That this pattern didn’t swamp the results makes me wonder what kind of bug the author has in the scanning code.

[edit: seems I forgot about situations like 9 x 11 x N, where the digits can add up to 18, 27, etc due to all the 8 and 9 digits, so the algorithm will only find multiples of 9 with lots of small digits in it.]

But not all of the numbers are multiples of 9
The digits add to 0 in mod 9 and he's looking for precisely 9. eg. the sum of digits for 9^3 = 18. That's why you don't see 9's everywhere.
Something lie that happens in all bases e.g. in base 8 all multiples of 7 add up to 7 (if you keep adding), in hex all multiples of f add up to f, and in binary everything eventually adds up to 1 (except zero).

Similarly, in base 8 7^2 is 61 and in hex f^2 is e1.

(n-1)^2 = n^2 - 2*n + 1 = n(n-2) + 1 which in base n is written with n-2 as the fist digit and 1 as the second digit.

The omission is that it's simply recursive.

You might add the digits up to 36, whose digits then add up to 9. Simply reapply to the sum if the sum has more than 1 digit, and you'll still arrive at 9.

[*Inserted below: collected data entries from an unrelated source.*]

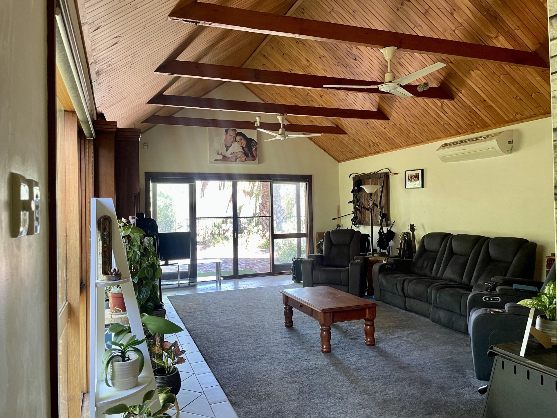 ✅ High timber-lined racked ceilings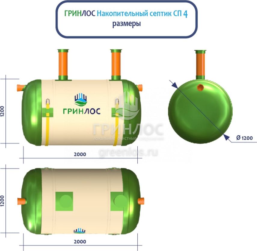 Накопительный септик ГРИНЛОС СП 4 — это энергонезависимый септик с залповым сбросом 200 л и производительностью 0.8 м3/сутки, что делает его подходящим для домов, в которых число жильцов не превышает 4 условных пользователей.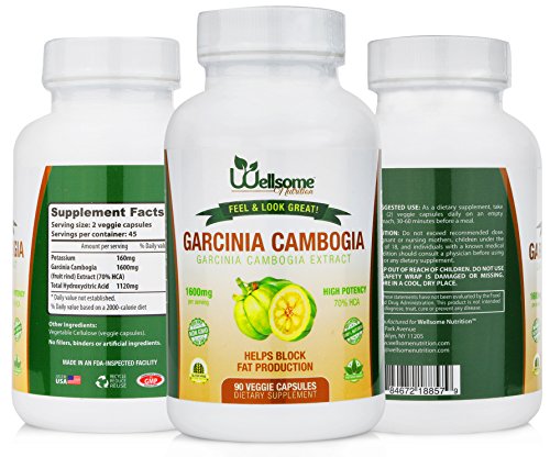 -. Binding : Health and Beauty -. Brand : Wellsome Nutrition -. EAN : 0784672188579 -. Feature : EMOTIONAL EATERS SOLUTION: Our specific garcinina formula can curb the desires to eat of emotional eaters. / 100% ALL NATURAL: Wellsome Nutrition products are gluten free, GMO free, contains no fillers, binders or any artificial ingredients at all. It is a completely natural and healthy / CONVERTS FAT TO ENERGY: This vitamin supplement can convert fat into glycogen which you can use as energy so you can exercise easier and burn more fat. / FDA -INSPECTED & USA MADE: All Wellsome Nutrition vitamin supplements are made and manufactured in the USA. All our products are also FDA-inspected and made in a GMP-certified facility with the highest certification. / 100% SATISFACTION GUARANTEED: Wellsome Nutrition Vitamin Supplements will aid you in your journey to living a healthy active life. We guarantee it! -. IsAdultProduct : 0 -. Label : Wellsome Nutrition -. Manufacturer : Wellsome Nutrition -. PackageQuantity : 1 -. ProductGroup : Health and Beauty -. ProductTypeName : HEALTH_PERSONAL_CARE -. Publisher : Wellsome Nutrition -. Studio : Wellsome Nutrition -. Title : Garcinia Cambogia 1600mg All Natural Extract With 70% HCA 0 Premium Weight Loss Management - Appetite Suppressant -90 Count- By Wellsome Nutrition -. UPC : 784672188579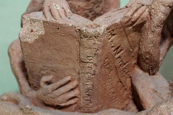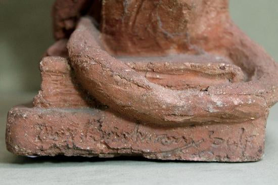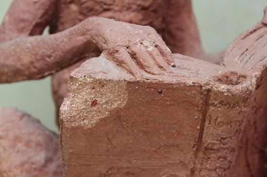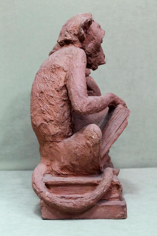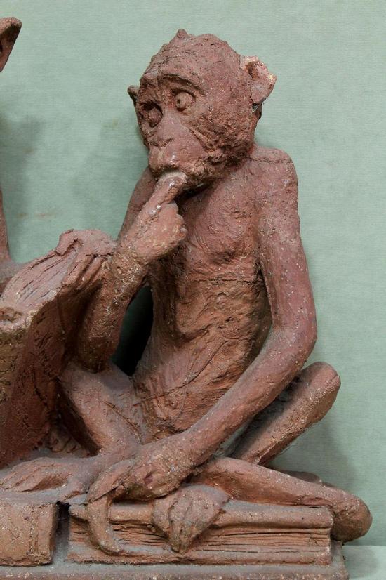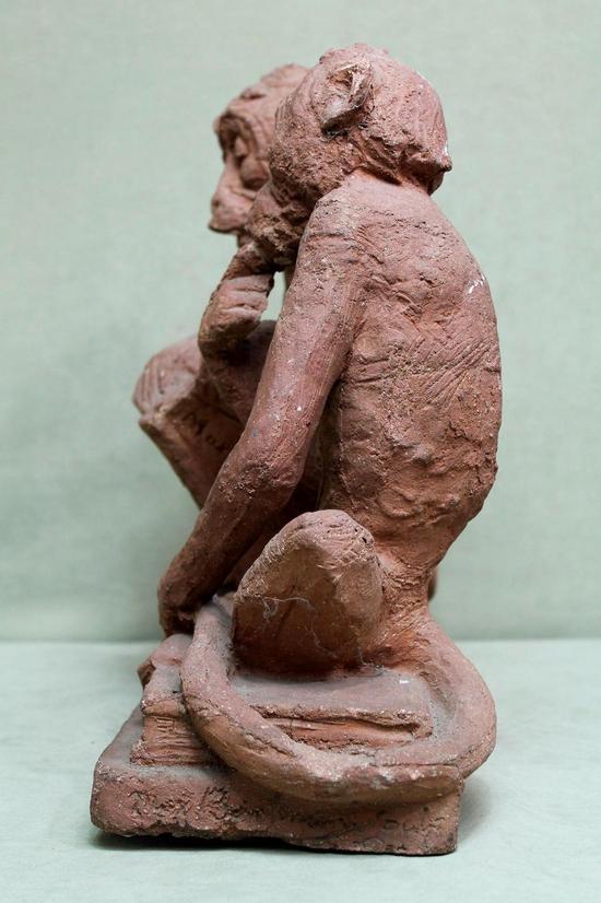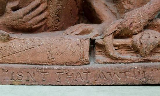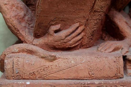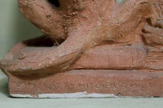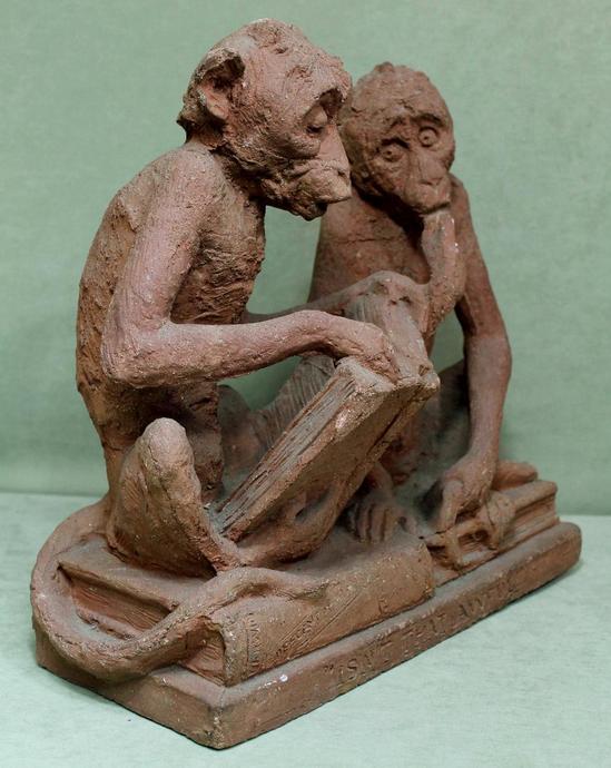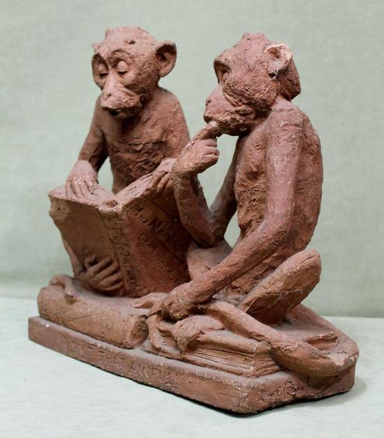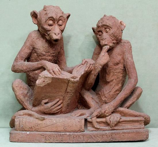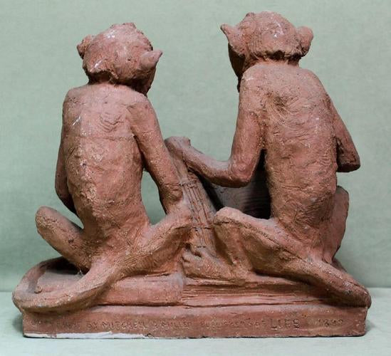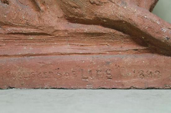 [Historical Americana] [Evolution or Degeneration] Bachmann, Max. (1862–1921). "Isn't That Awful" - 1897 Terracotta Sculpture for LIFE Magazine. Unique hand sculpted terracotta sculpture of two monkeys, measuring 16 x 14 x 13 inches, titled along the front edge of the base "Isn't That Awful," incised on the rear base "Copyright by Mitchell & Miller Publishers of LIFE 1897," and signed on the side of the base "Max Bachmann Sclpt." The monkeys are sitting on books and the one on the left, atop Darwin's "Descent of Man," is reading Max Nordau's "Degeneration." In very good condition, with chips to one book corner and to the ear of the monkey on the right. Apparently accomplished and intended for reproduction in an 1897 issue of LIFE magazine, founded in 1883 and at the time, the foremost American humor magazine of the period.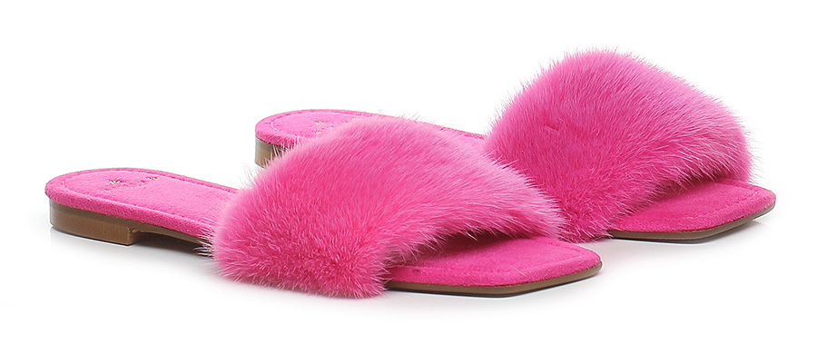 Flat sandal in 100% sustainable mink, rubber sole. 10mm heel.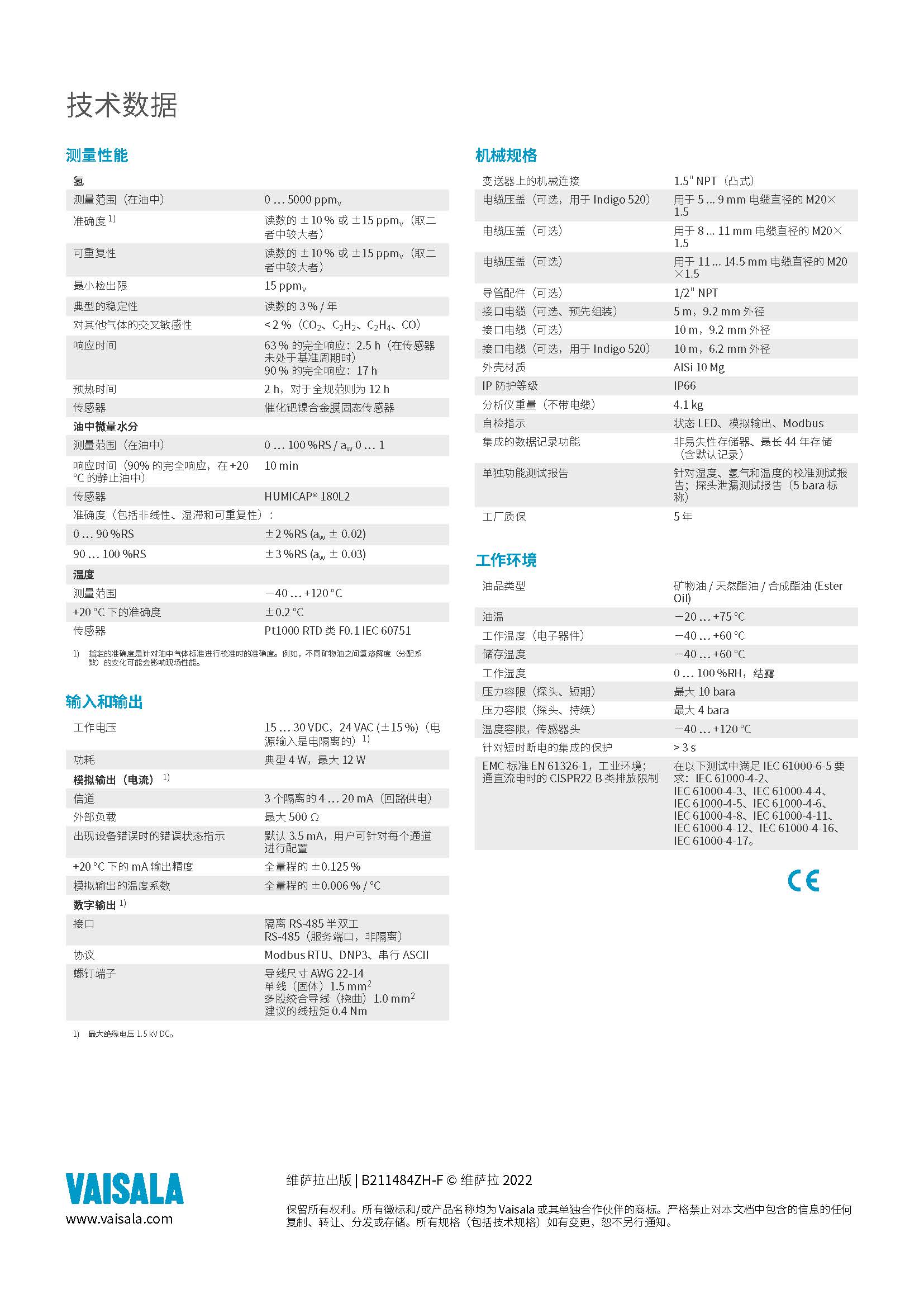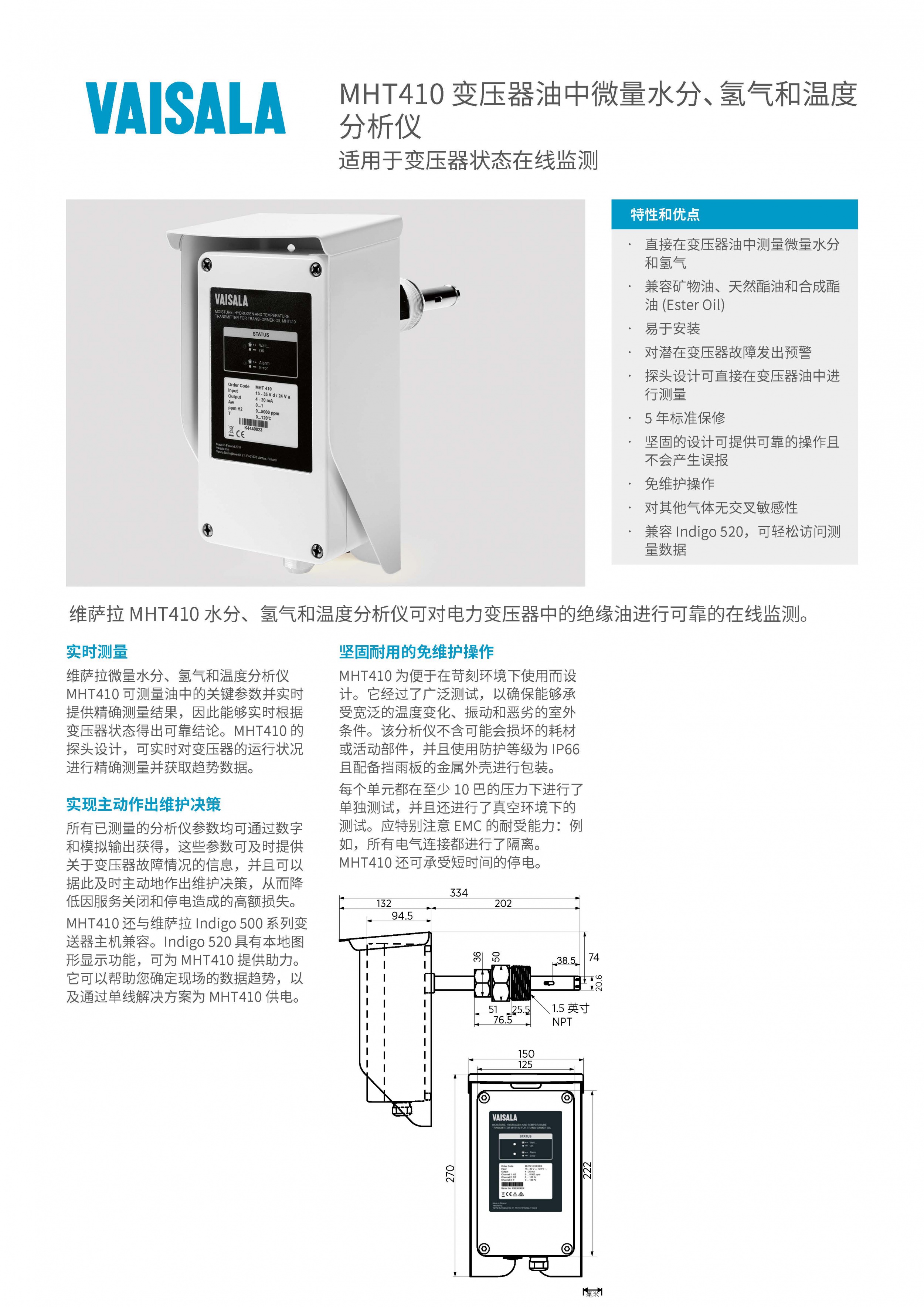 MHT410变压器状况的水分、氢气含量及温度变送器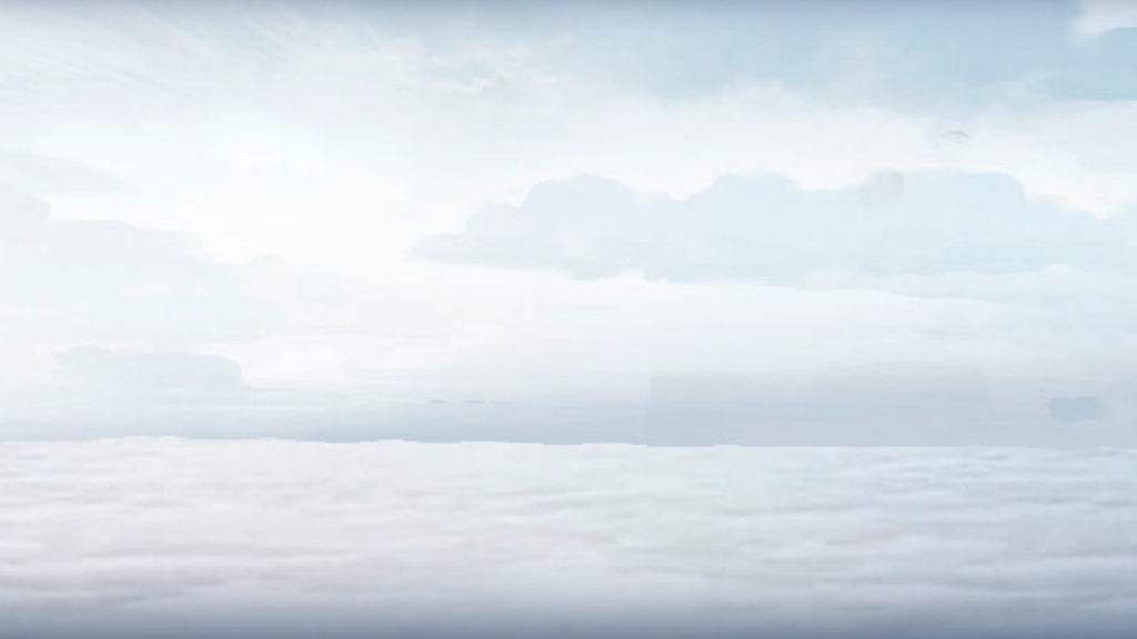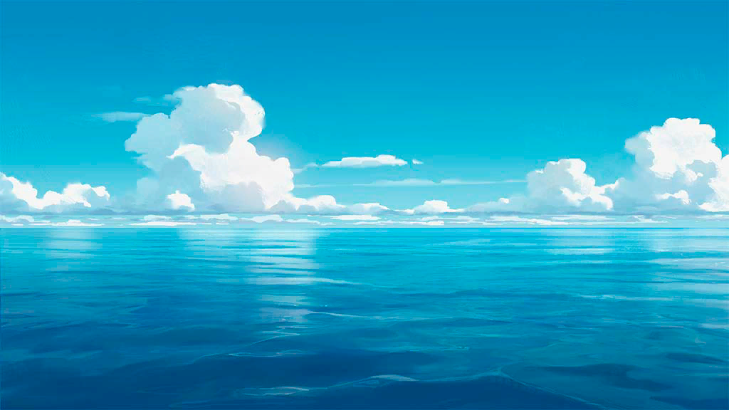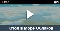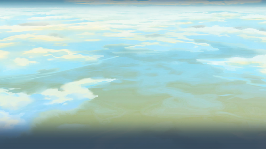 Над бескрайним морем облаков, I-404 кивает нам и делает рукой жест «будьте так любезны». В то же мгновение налетает порыв ветра, и облако у наших ног начинат мягко двигаться вперёд, как ковёр-самолёт. |

Neat, but why is for example 163^16 such a coincidence? It's not that unlikely for digits to add up to 163, and given that you can choose both a base and an exponent, there's bound to be many that work out like this. 163^16 has 36 digits, so expected sum (average expected value of a random digit 0-9 being 4.5) be 162. So that's even pretty close to 163.

Also, why limit this to base 10? Anything with base 10 digits is not the purest possible math imho because it depends on the arbitrary value 10 while you could generalize to any other value.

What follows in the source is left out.